● What is being asked
Pictures appear among the records below and must be omitted. Repeat exactly the lines from the line with "Schon häufig haben" to the line with "Plaquette d'appel pour", both included.
### Given entries
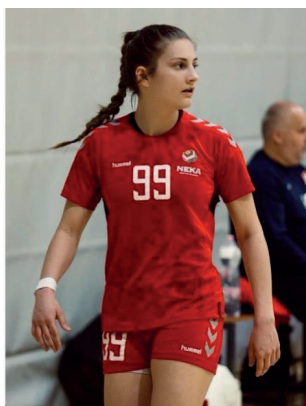
A Magyar Kézilabda Szövetség közleményében nyilván-

nosságra hozta az EHF 2021-es utánpótlás-ranglistáját. Ez alapján Magyarország – holtversenyben a németekkel – az élen áll az idei három korosztályos világversenyen elért eredmények alapján. Ezen nem is kell csodálkozni, hiszen júliusban az U19-es leány Eb-n Celjében, augusztusban pedig az U17-es lányok kontinensversenyén Montenegroban is hatalmas fölényrel nyertek a mieink. Lényegében nem volt olyan mérkőzés, amelyen iga-
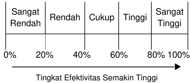
Gambar 2. Garis kontinum tingkat efektifitas

Analisis regresi linier berganda digunakan untuk menganalisis berbagai faktor yang memengaruhi efektivitas metode penyuluhan demonstrasi cara dalam pengendalian hama tikus pada padi sawah di Kecamatan Air Putih, Kabupaten Batu Bara dengan Persamaan 3.
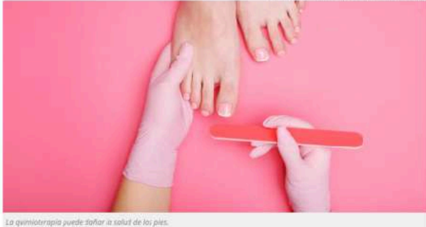
La quimioterapia puede dañar la salud de los pies.

Actualizado a: Martes, 19 Octubre, 2021 11:42:58
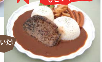
山分けデカバーグカレー...2,300円
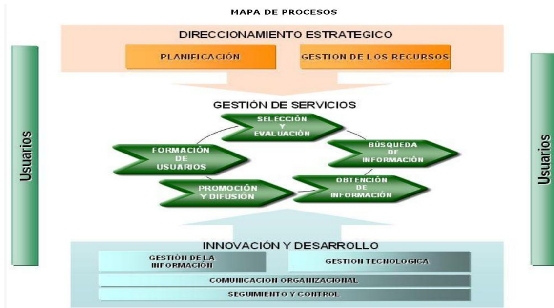
Imagen del Mapa de Procesos del SGC

La anterior información es asimilada a través de la aprehensión diaria del estudio temático de cada uno de las categorías del sistema de gestión de calidad, analizando en ellas los conductos normativos y procedimentales que influirían en el rol propuesto a ejecutar en la práctica académica como integrante del Programa de Formadores de Usuarios del Sistema de Bibliotecas de la Universidad de Antioquia.
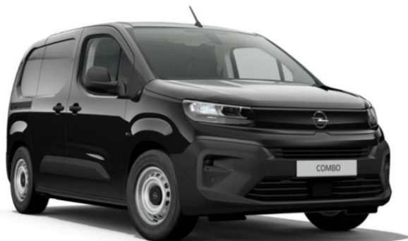
Čierna Karbon (9VM0) 460 €
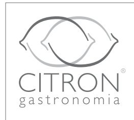
Aplicação gray scale
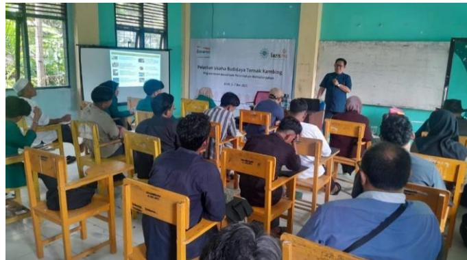
Gambar 6. Suasana ruang kelas

Peserta juga didorong untuk membentuk kelompok usaha, sehingga kegiatan peternakan dapat dijalankan secara kolektif berbasis pesantren. Pendekatan kolektif ini memungkinkan efisiensi dalam pembagian tugas, penggunaan lahan, dan pemasaran hasil ternak. Diskusi kelompok digunakan untuk menyusun rencana usaha sederhana berdasarkan potensi sumber daya lokal yang dimiliki.
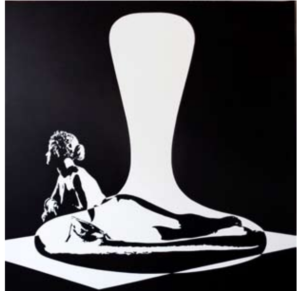
Ça n'a aucune importance ou Comme je m'en tamponne , 150 x 150 CM, acrylique sur toile, 2015
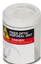
Conteneur à fibres

https://www.phoenixcontact.com/fr/produits/1414102
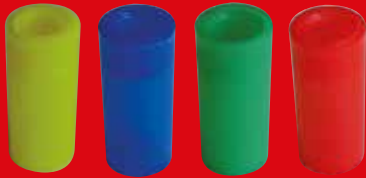
Spectrum Feromoon Management System
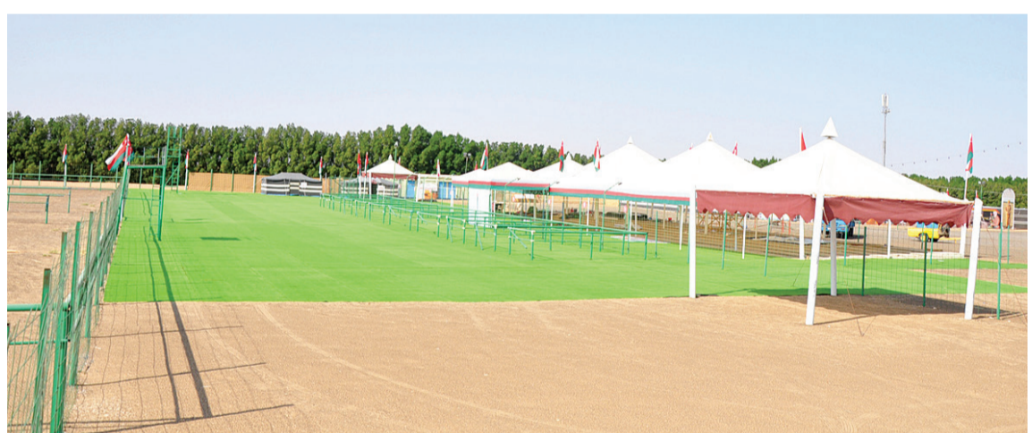
جاهزية موقع إقامة مهرجان المزاينة
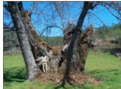
Castanea sativa Miller

Árvore de porte notável considerada um dos castanheiros com maior perímetro do tronco existente em Portugal.
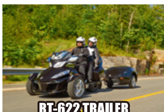
RT-622 TRAILER 展示&体験試乗
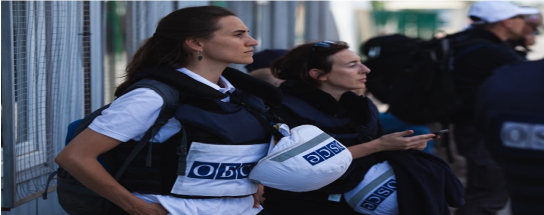
Співробітники СММ біля мосту поблизу Станції Луганської (Віктор Конопкін/ОБСЄ)
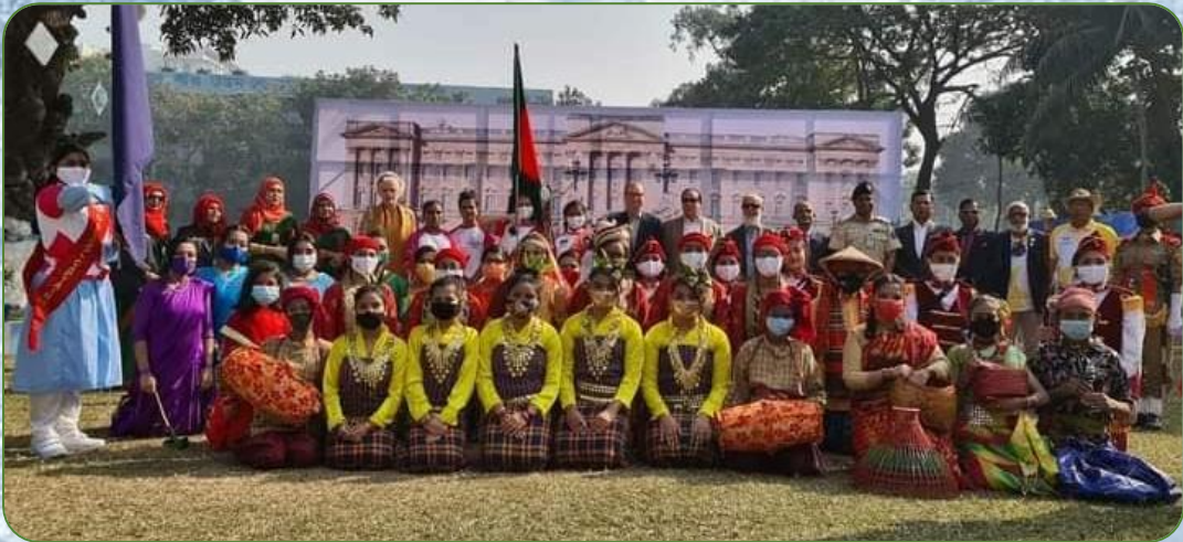
প্রোগ্রাম শেষে ইংল্যান্ডের হাইকমিশনের সাথে অংশগ্রহণকারীদের ফটোসেশন
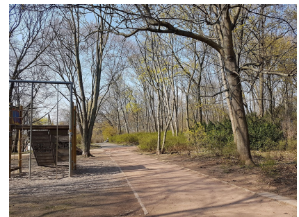
Ausspülungen an der Fitnessstrecke vor Projektbeginn
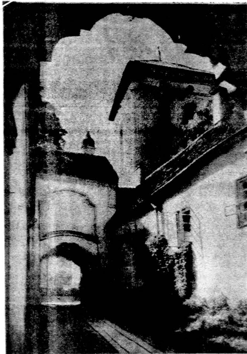
Vilniui — sostinei 650 metų

Liublijana. — Šiais metais Slovenijoje buvo išventinti 59 nauji kumigai. Tai yra rekordinis skaičius, atsižvelgiant taip pat į faktą, jog Slovenijoje yra tik pusantro milijono katalikų.
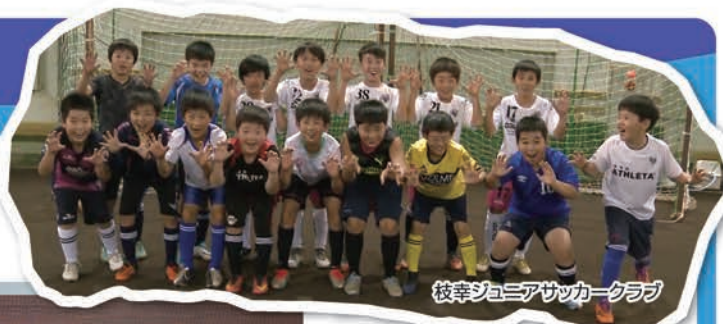
枝幸ジュニアサッカークラブ

枝幸町スポーツ少年団は、平成18年の旧枝幸町と旧歌登町の合併に伴い、新たに組織を立ち上げました。現在は13種目、18団体が枝幸地区、歌登地区で活動し地区合同の練習会もしているようです。体育館では思うような練習時間が取れなかったのが学校の体育館が解放され練習日を増やし団員のレベルアップもされています。今年度はサッカー場が新設されより練習を楽しんでいる様子うかがえます。スキー場も整備が行き届きレーシングの子ども達も寒さに負けず滑走しています。また年に一度、表彰式時に軽スポーツやレクゲーム等で子ども達の交流を深めています。今年度は宗谷管内スポーツ少年大会開催、そして初の日独スポーツ少年団同時交流の受け入れをしました。管スポにドイツの子も参加してもらい日独交流の一環に。子ども達はすぐに打ち解け楽しんでいる様子で、安堵しました。今後も子ども達の活動を見守っていききたいと思います。
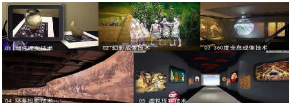
图2 常用的多媒体展示技术示意图

叙事学中的叙事媒介简单来说就是讲故事时传递信息的载体，用语言来充当媒介材料。叙事性表达设计的叙事媒介包括有展品、多媒体、展台、展柜、展板、展架、陈列设备等多种元素。其中展品本身就是具有历史文化的客观存在，博物馆的场景空间是通过展品的编排而产生，其体现了展品所拥有的意义，实现了有结构、有层次的组织场景。除了将展品进行展示的同时，还需要建立一个与观众产生互动的平台，用多媒体科技来提升场景空间的感染力（见图2），使观众和展品产生互动交流，进一步完善博物馆的社会教育职能，更好地发挥其可持续性。
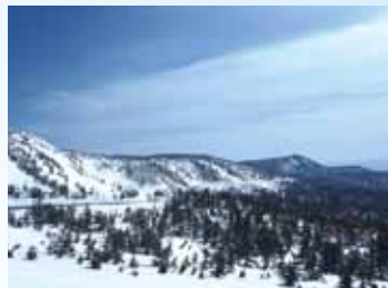
●見返り峠から岩手方面を望む
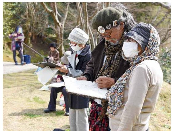
春の風に誘われて芝山仁王尊で写生 (3月15日 絵画会スケッチ)
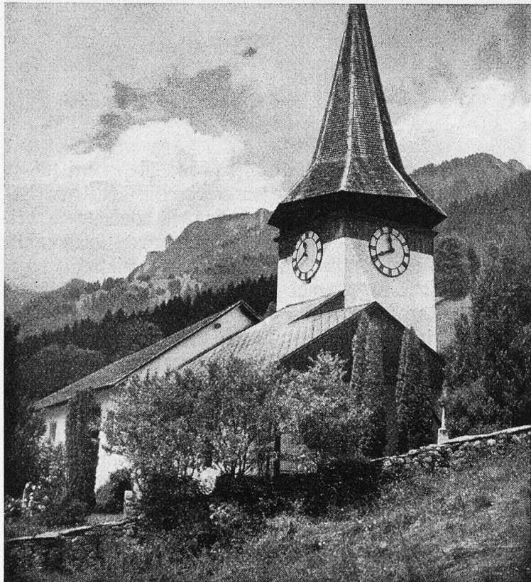
Kirche von Oberwil im Simmental.

In St. Blasien im Schwarzwald fügte es sich, daß sie dem Landvogt von Greifensee, der eine Wirtschafterin suchte, empfohlen wurde, und so diente sie ihm schon seit zwei Jahren. Sie war mindestens 45 Jahre alt und gleich
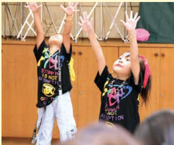
ストリートダンス
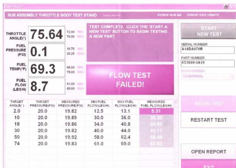
Mynd 2: Niðurstöður prófana á mælistykki

Eftir atvikið við Sandskeið var eldsneytiskerfi flugvélarinnar skoðað ítarlega ásamt kveikibúnaði. Hluti eldsneytiskerfisins var sendur til prófunar hjá framleiðanda, þ.e. eldsneytisdæla, deilir (ásamt eldsneytISRörum) og mælistykki (Meetering unit), sem ákvarðar eldsneytisflæði og loftflæði til hreyfilsins (sjá viðauka). Við prófanir kom fram að eldsneytisdæla og deilir störfuðu eðlilega en eldsneytisflæði um mælistykkið var undir tilætluðum mörkum þegar eldsneytisgjöfin var nálægt hægagangi. Enn fremur mældist það við lægri mörk á öðrum stillingum (sjá mynd 2).
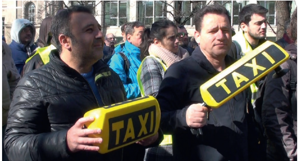
Schon häufig haben Münchens Taxifahrer gegen Uber auf der Straße demonstriert. Jetzt haben sie auch vor Gericht Recht bekommen

Nach Ausführung des Beförderungsauftrags hat der Mietwagen unverzüglich zum Betriebsitz zu-
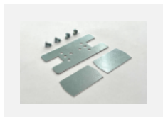
145-50200, F spoj přímý a krytky průsvitu
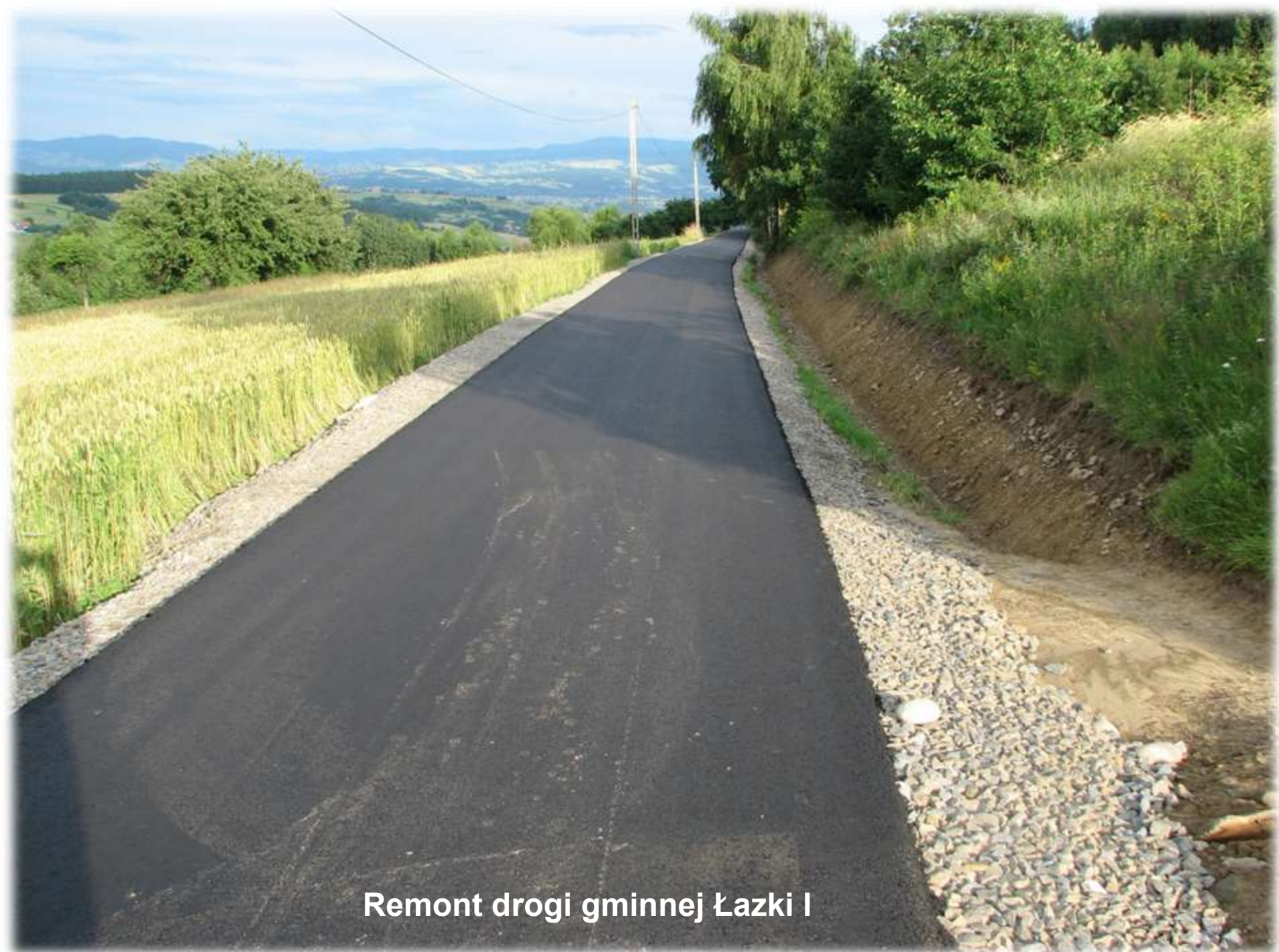
Remont drogi gminnej Łazki I
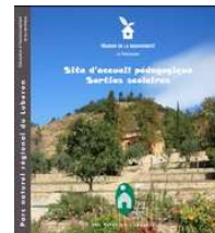
Plaquette d'appel pour les actions éducatives à la MDB

Le 24 juin, la journée Art et Nature a également permis aux 7 classes engagées dans cette action éducative tout au long de l'année de présenter leurs créations artistiques et de découvrir la richesse de ce site.
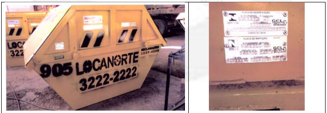
Caçambas que irão armazenar os resíduos a serem transportados.
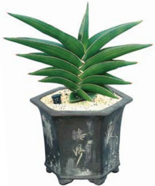
Juara ke-1 kelas nontrifasciata kontes sansevieria Gebyar Flora Fauna Belitung 2009, koleksi Oldes Nursery, Tanjungpandan, Juni 2009
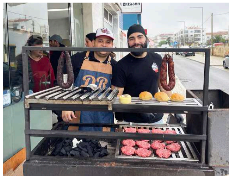
Um churrasco especial na inauguração dos Talhos Bressan

O estabelecimento está aberto de terça a sábado, das 09h00 às 13h00 e das 15h00 às 19h30, e fecha aos domingos e segundas-feiras. Para encomendas, contactar pelo número 964846440.
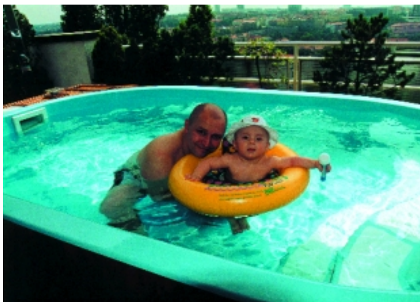
Pátek, 21. června 2002, den plný pohody
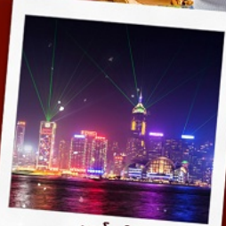
ชมโชว์ SYMPHONY OF LIGHT
######
● Result for this task
Schon häufig haben Münchens Taxifahrer gegen Uber auf der Straße demonstriert. Jetzt haben sie auch vor Gericht Recht bekommen

Nach Ausführung des Beförderungsauftrags hat der Mietwagen unverzüglich zum Betriebsitz zu-
145-50200, F spoj přímý a krytky průsvitu
Remont drogi gminnej Łazki I
Plaquette d'appel pour les actions éducatives à la MDB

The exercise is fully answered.